George era più rinfrancato nella voce.
Lei gli diede l’indirizzo e lo aspettò abbandonata sul suo dondolo, sulla terrazza prospiciente il mare. George non tardò molto a venire. Era tanto cambiato. Non era il giovane forte e biondiccio dei suoi sbiaditi ricordi. Ma gli occhi azzurri erano ancora vivi e fissi su di lei come quella notte in cui il padre lo aveva salvato.
Il marito aveva preferito allontanarsi per rendere meno imbarazzante l’incontro.
Lui sedette sul dondolo accanto a lei, senza staccare per un solo minuto lo sguardo dal viso di Carmela.
– I miei figli hanno voluto regalarmi questo viaggio per il settantesimo compleanno. – Le raccontò. – Sono vedovo da molti anni ma il ricordo del nostro amore giovanile ha marcato sempre ogni momento della mia vita e anche ogni attimo di quella della mia famiglia. Ci sono fatti e persone nella storia di un uomo che non si riescono a dimenticare o a rimuovere e tu sei stata sempre con me come un angelo buono che regalò per caso e senza nulla chiedere giorni di felicità a un ragazzo che era stato destinato alla vittoria o alla morte. –
Le prese la mano e gliela strinse forte. Lei chiuse gli occhi.
– Non ho potuto scrivere – si scusò – perché non era permesso durante l’avanzata. Ci cambiavano in continuazione di destinazione. Poi la distanza e gli incarichi militari fecero il resto. Se sono qui, però, è perché mai ti ho dimenticata.
Domani partirò. Questa volta, sarà un viaggio lungo che mi porterà lontano, in una terra dalla quale non sarà più possibile il ritorno. Là ti aspetterò e non ci saranno distanze a separarci.-
Lei aprì gli occhi e lo guardò sorpresa e incuriosita.
George abbassò gli occhi e annuì con la testa.
– Sì. – Aggiunse. – Hai capito bene e lo hanno capito bene anche i miei figli. I miei giorni sono contati per un Parkinson che mi è stato diagnosticato e non potevo morire senza rivederti per un’ultima volta. –
Carmela ebbe un fremito strano e un attacco di pianto la fece sussultare sul dondolo. Gli accarezzò il capo con la mano, abbracciandoglielo, come faceva sempre dopo averglielo fasciato nel letto della sua stanza nella villa. Sentì le lacrime di lui bagnarle le dita.
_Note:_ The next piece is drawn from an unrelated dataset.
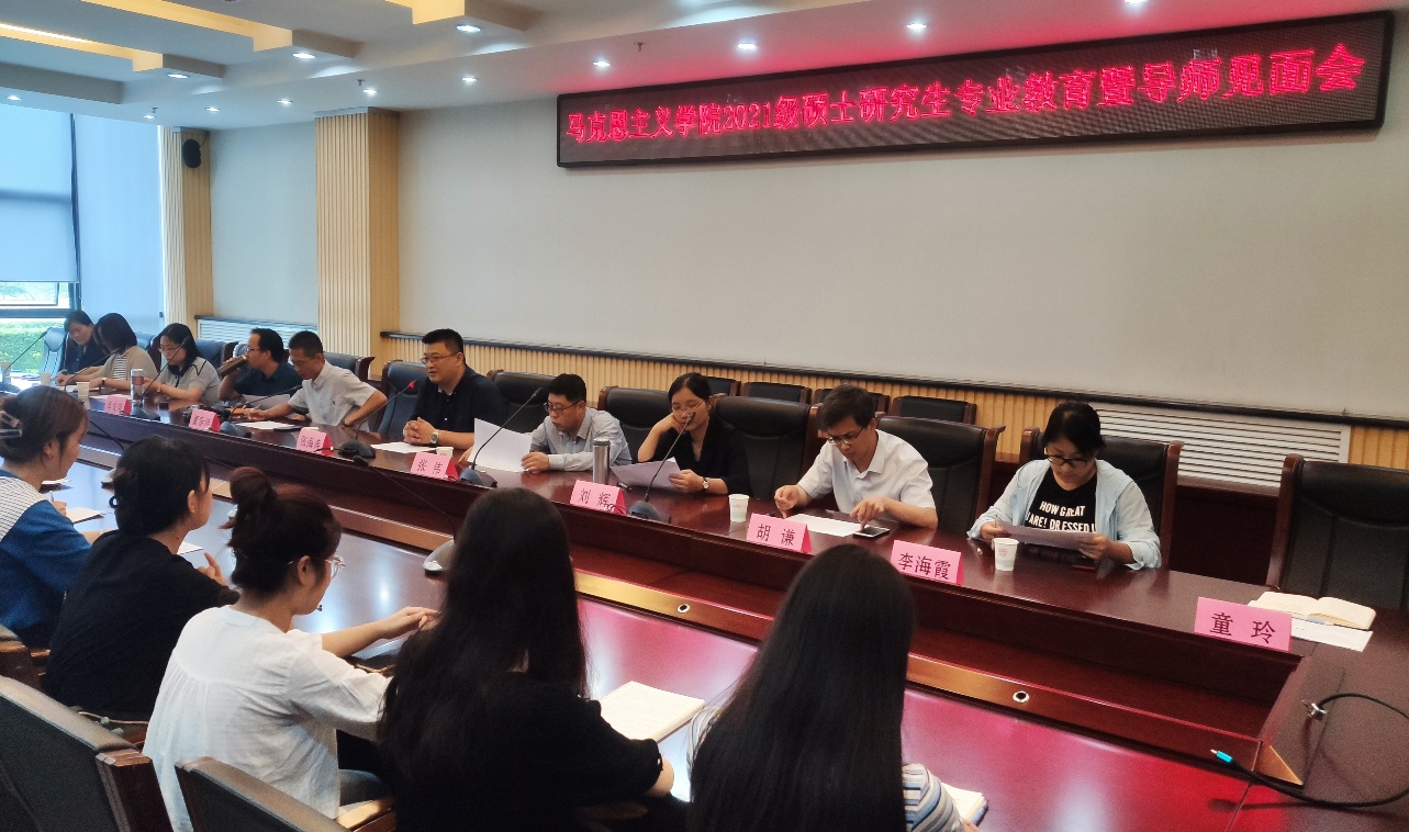 9月1日下午,馬克思主義學院2021級研究生專業(yè)教育暨導師見面會在鄠邑校區(qū)圖書館第二會議室順利舉行。會議由張海濤院長主持,學院黨總支書記張偉、副院長董春詩、劉輝教授、郭艷英副教授等10位老師參加了會議。
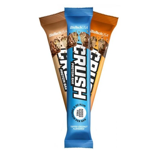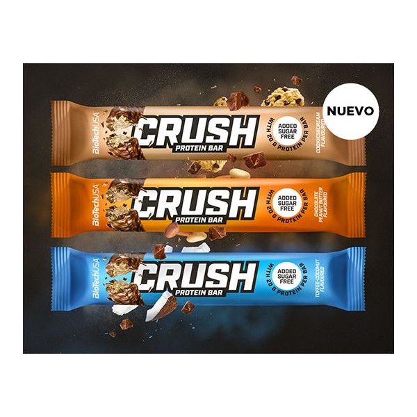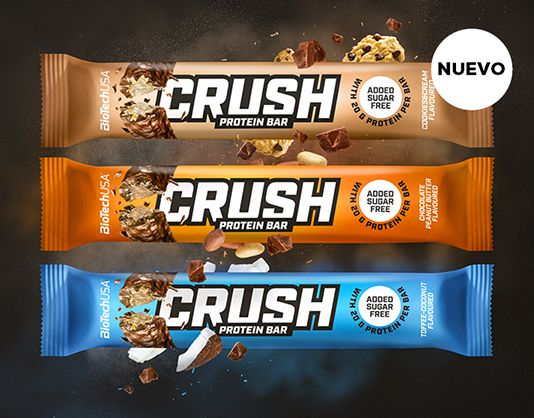 Las nuevas barritas Crush Protein Bar de BioTech USA son unas deliciosas barritas multicapas de 64 gramos altas en proteínas y sin azúcares añadidos que se presentan en 3 exquisitas versiones con sabor a cookies & cream, chocolate-mantequilla de cacahuete y o toffe-coco.

Non disse nulla perché le parole erano ormai inutili tra loro.
Rimasero ad aspettare che la luna tramontasse all’altro corno della baia persi così in un’estasi esistenziale che solo la forza dell’amore vero conosce e dà.
Il marito li trovò quasi appisolati sui loro vecchi ricordi.
Fu molto gentile con l’americano e questi con lui. Lo accompagnò con la sua macchina fino all’ingresso del centro vacanze.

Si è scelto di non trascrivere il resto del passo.